** Opening Supplied data block **

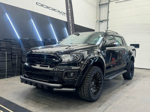 CTC Automotive are delighted to present for sale this extremely rare Bespoke Obsidian Autoworks Ford Ranger finished in Black Metallic, featuring 20" Gloss Black Obsidian Alloy Wheels Paired with All Terrain Radar Tyres. Just one owner from new, this well cared for Ranger carries a full and up to date Ford main dealer service history.Full Obsidian Autoworks body kit consisting of Extreme Wide Arches, Aggressive Lower Spoiler Bar, Exterior Black Pack including Matte Black Side Steps, Roof Rails, Rear Sports Bar Rails, and Front Bumper Panels, LED Front Grille in gloss black, Front and Rear Light Surrounds in Gloss black, Wind Deflectors. Key features include - Ford SYNC 3 with 8" Touchscreen: Includes DAB radio, Bluetooth, and Apple CarPlay/Android Auto FordPass Connect: Enables remote vehicle management Fixed Rear View Camera: Assists with parking and reversing Cargo Box Power Point Plug: For powering tools and devices Journey Grain Partial Leather Upholstery: With Wildtrak logo Heated Front Seats: For added comfort 8-Way Power Adjustable Driver's Seat: Personalized seating position Leather-Wrapped Steering Wheel and Gear Knob: Premium feel Dual-Zone Electronic Automatic Temperature Control (EATC): Maintains cabin comfort Ambient LED Interior Lighting: Creates a pleasant atmosphere Centre Console Coolbox: Keeps drinks cool 18in Alloy Wheels - 8in Boulder Grey-Mac, 2 Key Fobs, ABS - ESP and Roll-Over Mitigation, Air Conditioning - Manual, Airbags - Curtain, Airbags - Driver and Front Passenger, Airbags - Drivers Knee Bolster, Airbags - Front Side, Airbags - Passenger Deactivation, Body Coloured Plastic Front Bumpers, Boulder Grey Exterior Door Handle, Boulder Grey Exterior Mirror Finish, Boulder Grey Radiator Grille, Boulder Grey Step Design Rear Bumper, Cargo Box Power Point Plug, Chrome Lift -Decklid Handle, Collision Mitigation System, Cool Box in Centre Console, Cruise Control with ASLD -AEB and ISA, Day-Night Inside Mirror, Daytime Running Lamps, Double Locking Power Door Lock with Flip, Driver Seat Back M
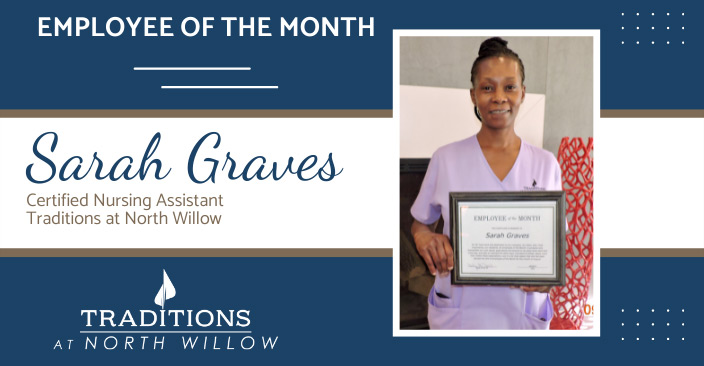 Allison Brown, Tradition at North Willow’s Community Relations Director said, “It was an easy decision to honor Sarah as our amazing Employee of the Month! Sarah has been with us since we opened 5 years ago! Sarah is constantly going above and beyond to care for and get to know each of our residents and their family members. Thank you for everything you do, Sarah. North Willow is lucky to have you!!”
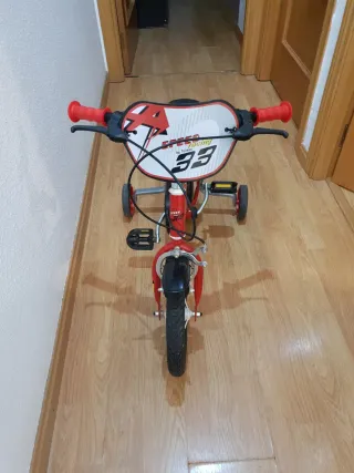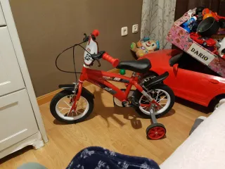 Bicicleta infantil de color rojo, ideal para los más pequeños. - Ruedines de apoyo incluidos. - Diseño deportivo con detalles en blanco y negro. - Manillar con puños rojos y placa decorativa.
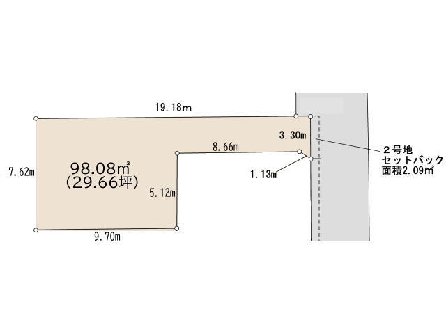 2号地 土地面積99.50m2(30.09坪) お好みの間取りで建築できます。
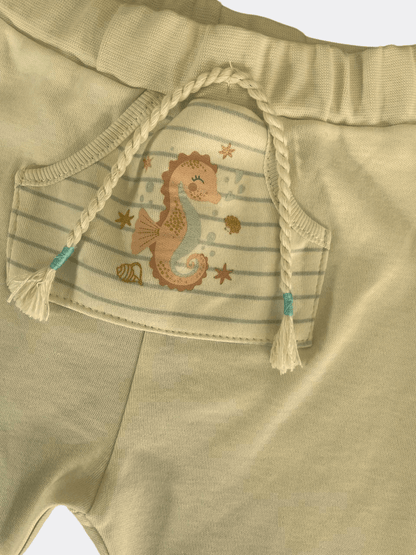 "Get ready to dress your little one in the comfiest pants ever! Made from ultra-soft organic cotton, these beige pants are perfect for everyday wear. With a cute and simple design, they are versatile and unisex. Your baby will love being dressed in these!"
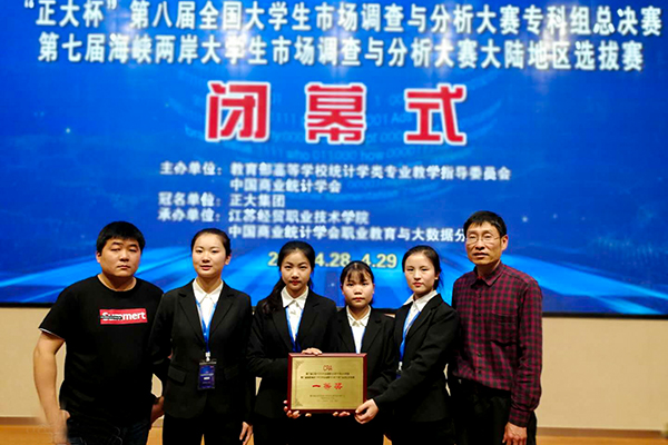 4月29日,由教育部高等学校统计学类专业教学指导委员会和中国商业统计学会共同主办的第八届全国大学生市场调查与分析大赛,专科组总决赛在江苏经贸职业技术学院落下帷幕。经过激烈角逐,在全国各地82支队伍中,由16级商务管理专业王珍芬、张如佩、李广莲、阳易菲4名同学组成的湖南商务职院代表队,在卢宇老师和陈兵老师共同指导下,以小组赛第一的成绩出线,最终以决赛第四名的成绩荣获全国一等奖。
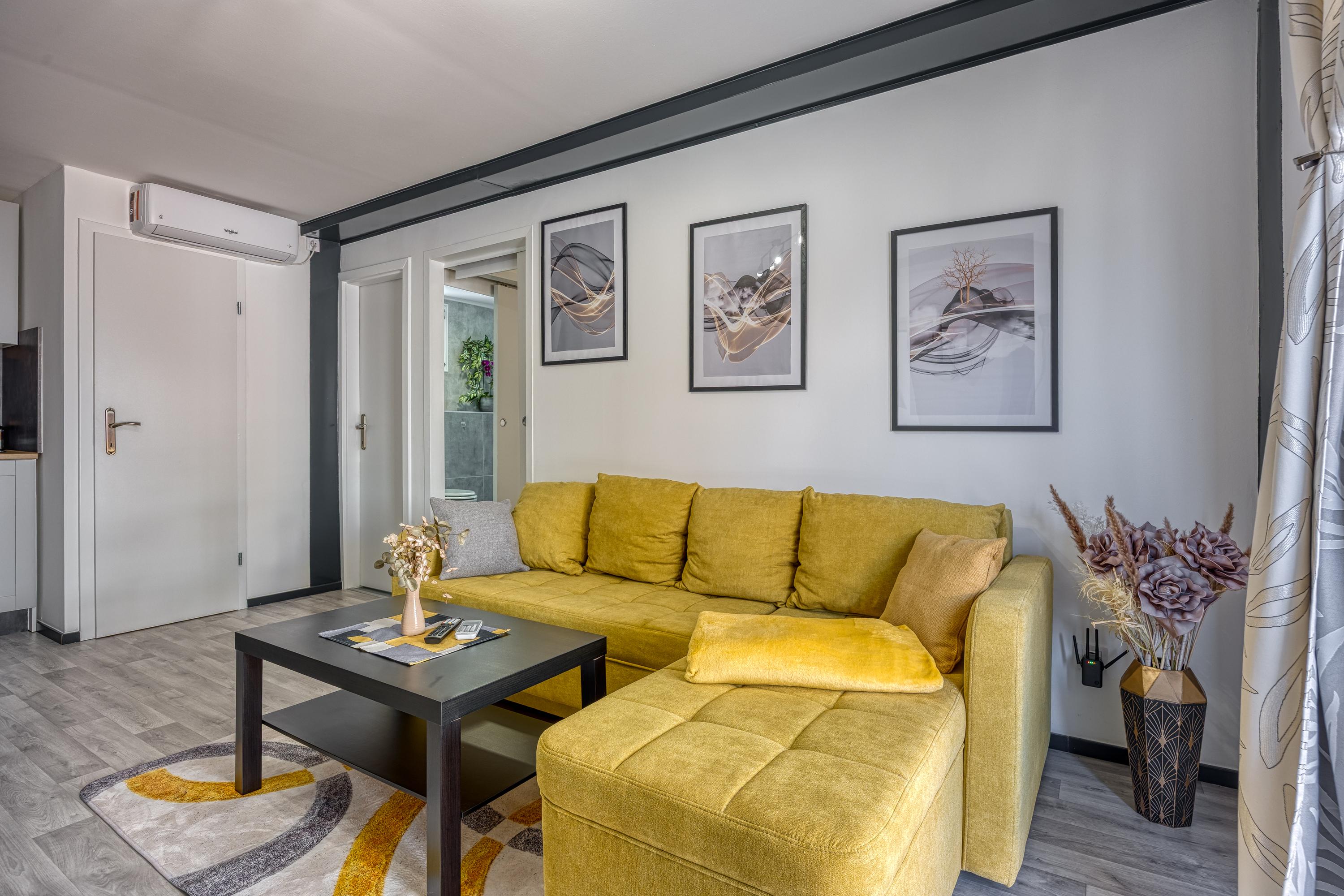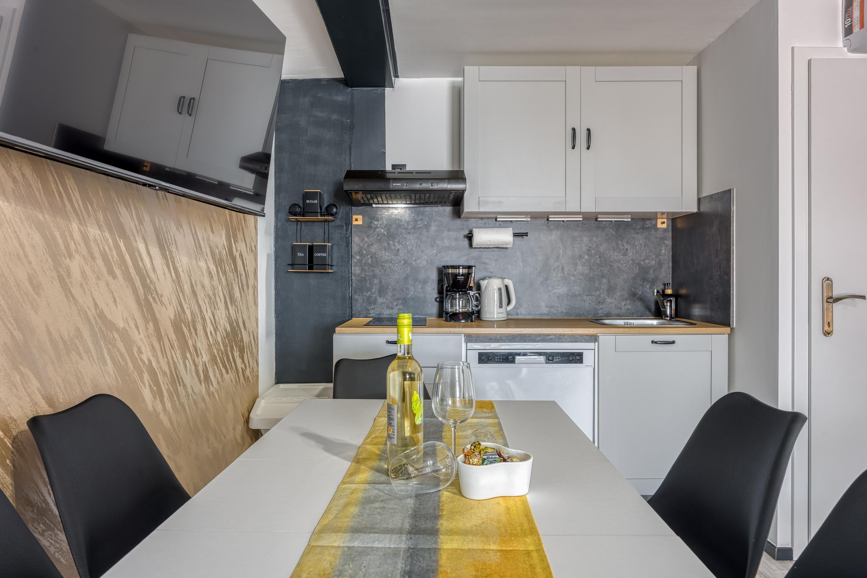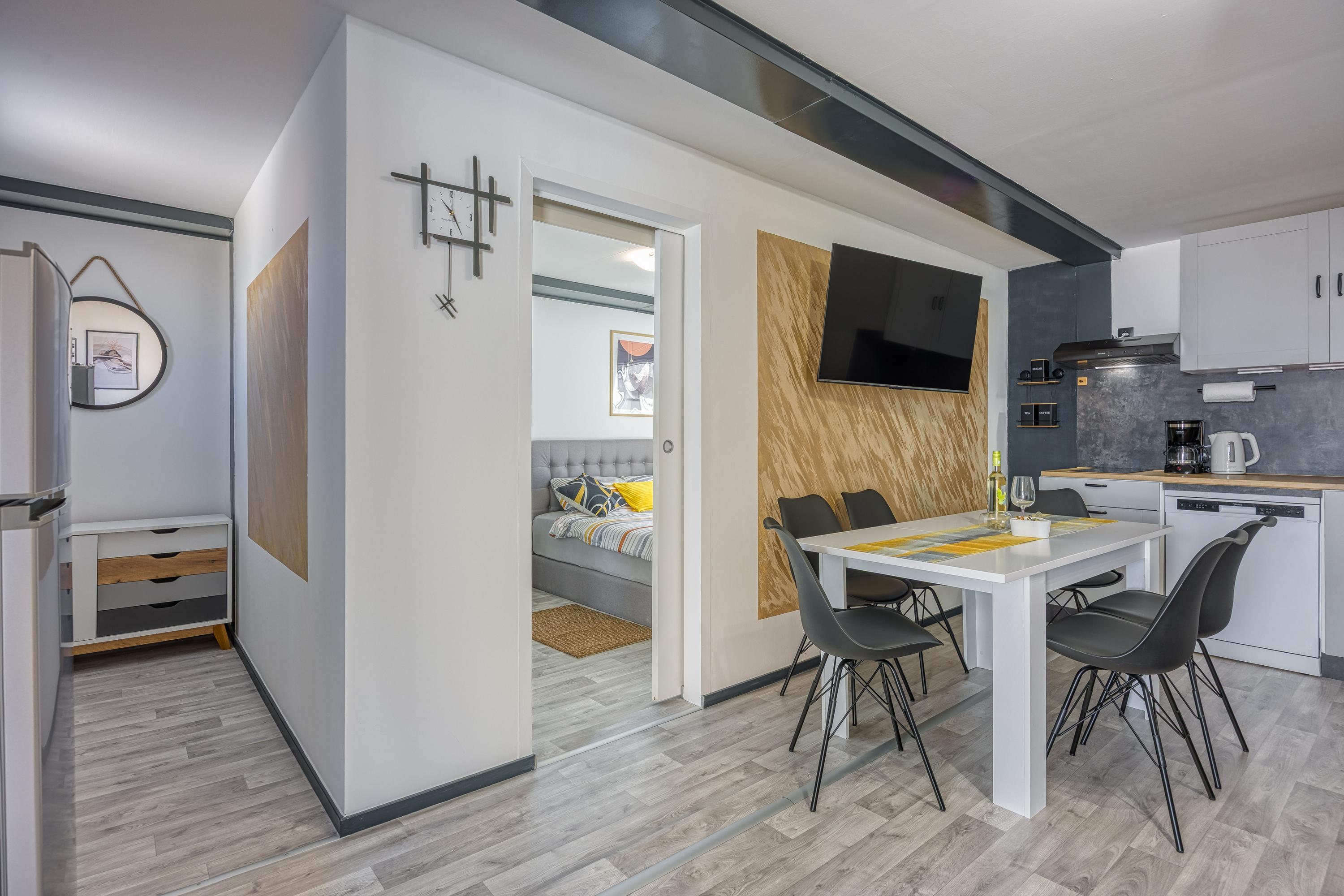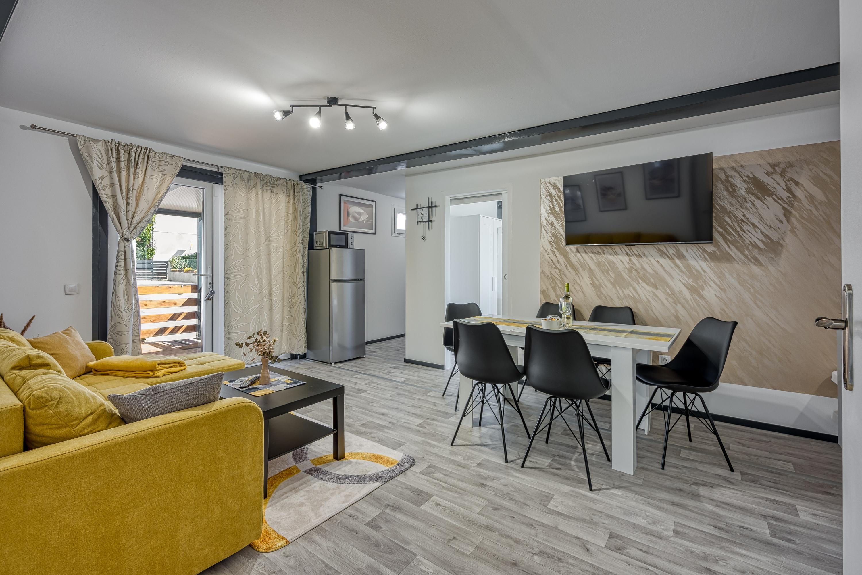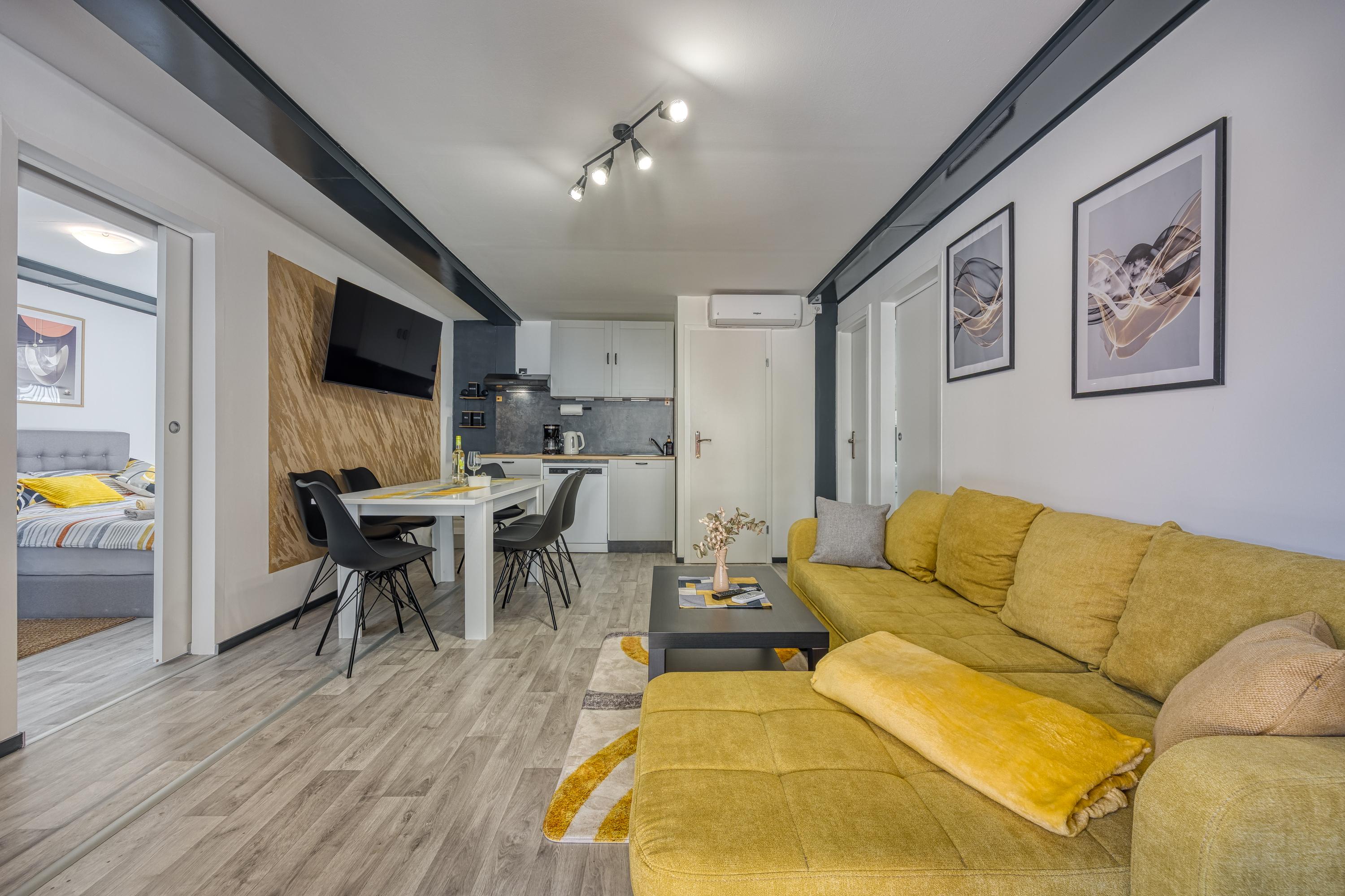Durch die Eingangstür gelangt man in den offenen Wohnbereich, der ein stilvolles L-förmiges Sofa, einen großen Flachbildfernseher, einen Esstisch für 6 Personen und eine neue Einbauküche umfasst.

** Closing Supplied data block **

Your copy should hold each line above exactly and no pictures at all.

#### Worked solution:
 CTC Automotive are delighted to present for sale this extremely rare Bespoke Obsidian Autoworks Ford Ranger finished in Black Metallic, featuring 20" Gloss Black Obsidian Alloy Wheels Paired with All Terrain Radar Tyres. Just one owner from new, this well cared for Ranger carries a full and up to date Ford main dealer service history.Full Obsidian Autoworks body kit consisting of Extreme Wide Arches, Aggressive Lower Spoiler Bar, Exterior Black Pack including Matte Black Side Steps, Roof Rails, Rear Sports Bar Rails, and Front Bumper Panels, LED Front Grille in gloss black, Front and Rear Light Surrounds in Gloss black, Wind Deflectors. Key features include - Ford SYNC 3 with 8" Touchscreen: Includes DAB radio, Bluetooth, and Apple CarPlay/Android Auto FordPass Connect: Enables remote vehicle management Fixed Rear View Camera: Assists with parking and reversing Cargo Box Power Point Plug: For powering tools and devices Journey Grain Partial Leather Upholstery: With Wildtrak logo Heated Front Seats: For added comfort 8-Way Power Adjustable Driver's Seat: Personalized seating position Leather-Wrapped Steering Wheel and Gear Knob: Premium feel Dual-Zone Electronic Automatic Temperature Control (EATC): Maintains cabin comfort Ambient LED Interior Lighting: Creates a pleasant atmosphere Centre Console Coolbox: Keeps drinks cool 18in Alloy Wheels - 8in Boulder Grey-Mac, 2 Key Fobs, ABS - ESP and Roll-Over Mitigation, Air Conditioning - Manual, Airbags - Curtain, Airbags - Driver and Front Passenger, Airbags - Drivers Knee Bolster, Airbags - Front Side, Airbags - Passenger Deactivation, Body Coloured Plastic Front Bumpers, Boulder Grey Exterior Door Handle, Boulder Grey Exterior Mirror Finish, Boulder Grey Radiator Grille, Boulder Grey Step Design Rear Bumper, Cargo Box Power Point Plug, Chrome Lift -Decklid Handle, Collision Mitigation System, Cool Box in Centre Console, Cruise Control with ASLD -AEB and ISA, Day-Night Inside Mirror, Daytime Running Lamps, Double Locking Power Door Lock with Flip, Driver Seat Back M
 Allison Brown, Tradition at North Willow’s Community Relations Director said, “It was an easy decision to honor Sarah as our amazing Employee of the Month! Sarah has been with us since we opened 5 years ago! Sarah is constantly going above and beyond to care for and get to know each of our residents and their family members. Thank you for everything you do, Sarah. North Willow is lucky to have you!!”
 Bicicleta infantil de color rojo, ideal para los más pequeños. - Ruedines de apoyo incluidos. - Diseño deportivo con detalles en blanco y negro. - Manillar con puños rojos y placa decorativa.
 2号地 土地面積99.50m2(30.09坪) お好みの間取りで建築できます。
 "Get ready to dress your little one in the comfiest pants ever! Made from ultra-soft organic cotton, these beige pants are perfect for everyday wear. With a cute and simple design, they are versatile and unisex. Your baby will love being dressed in these!"
 4月29日,由教育部高等学校统计学类专业教学指导委员会和中国商业统计学会共同主办的第八届全国大学生市场调查与分析大赛,专科组总决赛在江苏经贸职业技术学院落下帷幕。经过激烈角逐,在全国各地82支队伍中,由16级商务管理专业王珍芬、张如佩、李广莲、阳易菲4名同学组成的湖南商务职院代表队,在卢宇老师和陈兵老师共同指导下,以小组赛第一的成绩出线,最终以决赛第四名的成绩荣获全国一等奖。
Durch die Eingangstür gelangt man in den offenen Wohnbereich, der ein stilvolles L-förmiges Sofa, einen großen Flachbildfernseher, einen Esstisch für 6 Personen und eine neue Einbauküche umfasst.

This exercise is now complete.